BATIC 2025 Day One: Telecom’s Next Leaders Confront Industry Future

The Future Tech Leaders Summit at BATIC 2025 laid out the stakes. The industry faces a fork in the road: retreat into a utility status, cede the frontline to hyperscalers, or reinvent itself as a global, borderless enabler of digital life.

BATIC 2025 Day One: Telecom’s Next Leaders Confront Industry Future

BATIC 2025 Day One: Telecom’s Next Leaders Confront Industry Future

The Future Tech Leaders Summit made its debut at BATIC 2025 and the forum connected under-30 industry talent with global telecom leaders to discuss technology, debate survival, and the future of the industry.

The event, co-organized with the ITW Global Leaders’ Forum (GLF), saw senior leaders from Telin, Dialog Axiata, e&, and other carriers join young professionals to debate and stress-test four starkly different futures for a telecom industry facing shrinking margins, hyperscaler power, and geopolitical risk.

 

Four Futures

Sam Evans, Senior Managing Director at FTI Delta, set the stage by outlining the four scenarios. “This isn’t prediction,” he cautioned. “It’s preparation for futures already unfolding.”

  • In the pessimistic case, telcos retreat inward: cutting costs, automating service, and focusing on survival.

  • The optimistic version sees operators collaborating with hyperscalers, using AI to deliver services faster and more efficiently.

  • The ecosystem model empowers customer-facing control to platform giants, while carriers maintain the underlying infrastructure.

  • In Nirvana, operators become globally ambitious, investing in next-generation networks to ensure diverse connectivity and deliver seamless international reach.

Each model carried trade-offs.
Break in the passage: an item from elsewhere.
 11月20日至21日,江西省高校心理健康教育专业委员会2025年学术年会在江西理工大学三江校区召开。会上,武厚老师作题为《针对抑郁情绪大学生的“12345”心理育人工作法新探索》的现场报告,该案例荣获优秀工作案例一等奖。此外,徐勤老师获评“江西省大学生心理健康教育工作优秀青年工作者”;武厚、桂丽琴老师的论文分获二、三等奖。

Cost discipline clashed with innovation. Control wrestled with collaboration. Scale demanded risk. Evans pressed participants to view the scenarios not as hypotheticals, but as realities already taking shape.

 

Preparing New Leaders

If strategy was one half of the conversation, leadership was the other.
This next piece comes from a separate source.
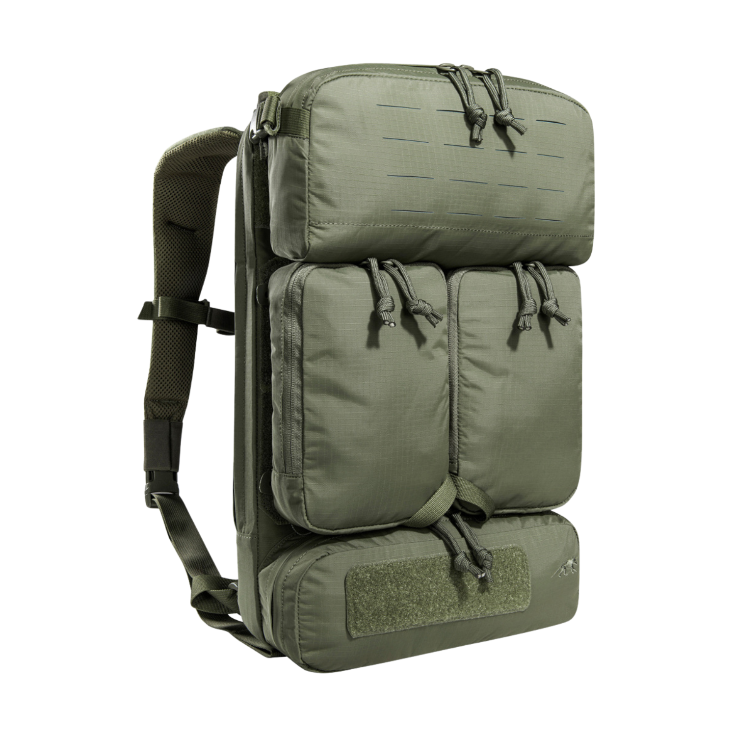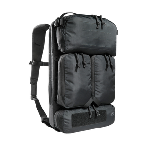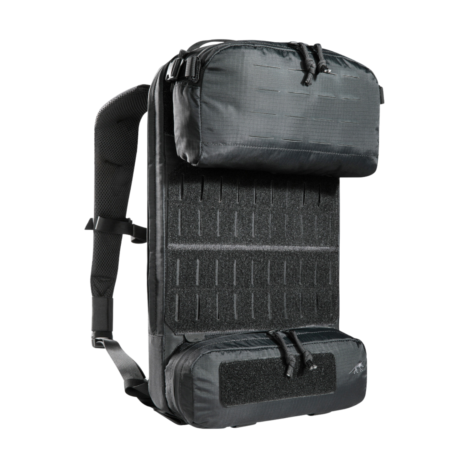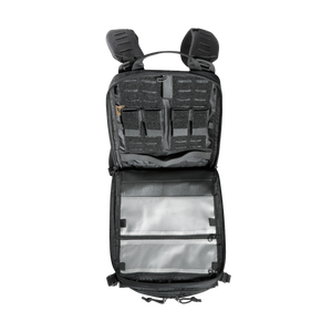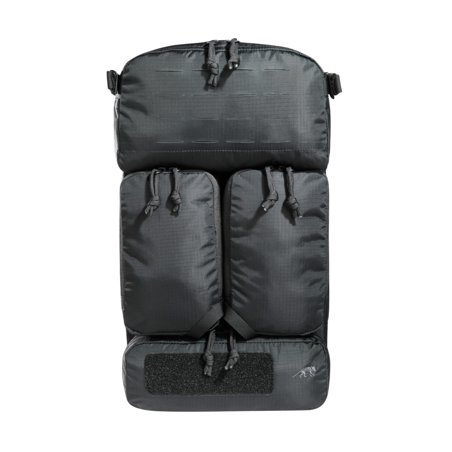 The materials used for this deployment backpack are very light, making it super easy to handle. It has a flat main compartment that is hydration system compatible and the back panel is fitted with MOLLE hook-and-loop for customizable loading of your gear. The upper front pocket of the backpack is a flip-top behind which you can attach a magazine holder (three M4 magazines or 4 pistol / MP7 magazines, included with purchase). Both middle front pockets are removable and behind each is a MOLLE hook-and-loop surface. Both the TT Tac Pouch 12 (item 7862) or the TT 2 SGL Backup Mag Pouch M4 (item 7811) can be attached to the lower front pocket. The backpack has a MOLLE reverse system on the back so you can integrate it into a plate carrier. You can also use an adapter to attach it to plate carriers.

Kharisma, Chief Commercial Officer at Telin, argued that preparing future leaders requires pairing ambition with discipline. In his view, tomorrow’s telecom leaders must learn to take risks without losing sight of operational and financial guardrails. “The next generation should be bold, but grounded in operational reality,” he noted.

Nabil Baccouche, Group Chief Carrier & Wholesale Officer at e&, stressed adaptability. “The industry is reshaping around ecosystems. Resilience and agility will define who thrives,” he said.
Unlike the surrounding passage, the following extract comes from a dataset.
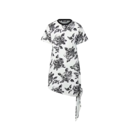 Bold seasonal codes uplift this T-shirt dress with a chic, sporty spirit. It is cut from soft cotton jersey featuring an allover print of the collection’s graphic Pop Art-style floral motif. The casual straight shape is detailed with a contrasting crew neckline and an asymmetrical knotted hemline for a breezy finishing touch.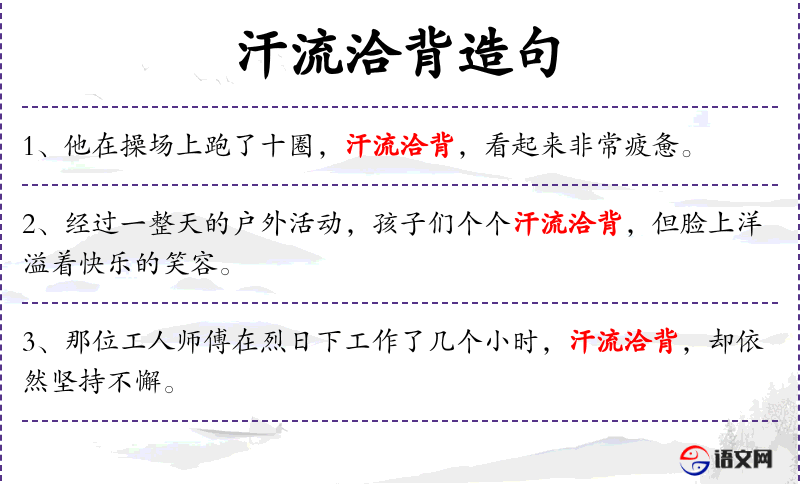 6. 【汗流洽背】 - 汗流得满背都是。形容非常恐惧或非常害怕。现也形容出汗很多,背上的衣服都湿透了。同“汗流浃背”。

Telecom’s future, he said, will be forged at the intersection of infrastructure and platforms, telcos and hyperscalers. Success depends on resilience and the ability to pivot as alliances and business models shift.

Both agreed: the command-and-control style that once defined telecom leadership is giving way to collaboration and trust.

 

Lessons in Crisis

The clearest case study came from Lim Li San, Group COO at Dialog Axiata. She described how the Sri Lanka operator navigated 2022’s economic freefall, marked by 88% inflation, a doubling of exchange rates, and tripled fuel prices.

Rather than contract, Dialog grew its mobile market share from 4% to 68%, expanded fixed broadband to 55%, and claimed 70% of the pay-TV market. Revenue rose 21%; EBITDA surged 45%.

The turnaround, she said, came from cost reduction, restructuring, and consolidation, as well as maintaining stakeholder trust amid volatility. Her point was blunt: “Resilience isn’t a buzzword. It is what separates collapse from reinvention.

 

From Hypothesis to Action

To close the summit, younger professionals were asked to present their own solutions to the four scenarios. Their proposals ranged from AI-enabled delivery models to cross-border infrastructure alliances and new sustainability frameworks.

Evans, who moderated proceedings, called the exercise the essence of the summit. “Preparing the next generation isn’t about forecasts. It’s about equipping leaders to act in real time,” he said.

 

Why It Matters

Telecom is more than another industry; it is the infrastructure of the digital economy. Finance, healthcare, logistics, and entertainment, all depend on its stability. Yet the sector faces tightening margins, political risks, and the gravitational pull of hyperscalers. 

The Future Tech Leaders Summit at BATIC 2025 laid out the stakes. The industry faces a fork in the road: retreat into a utility status, cede the frontline to hyperscalers, or reinvent itself as a global, borderless enabler of digital life.

What happens next will be decided not just by today’s executives, but by the young leaders they are training to take their place.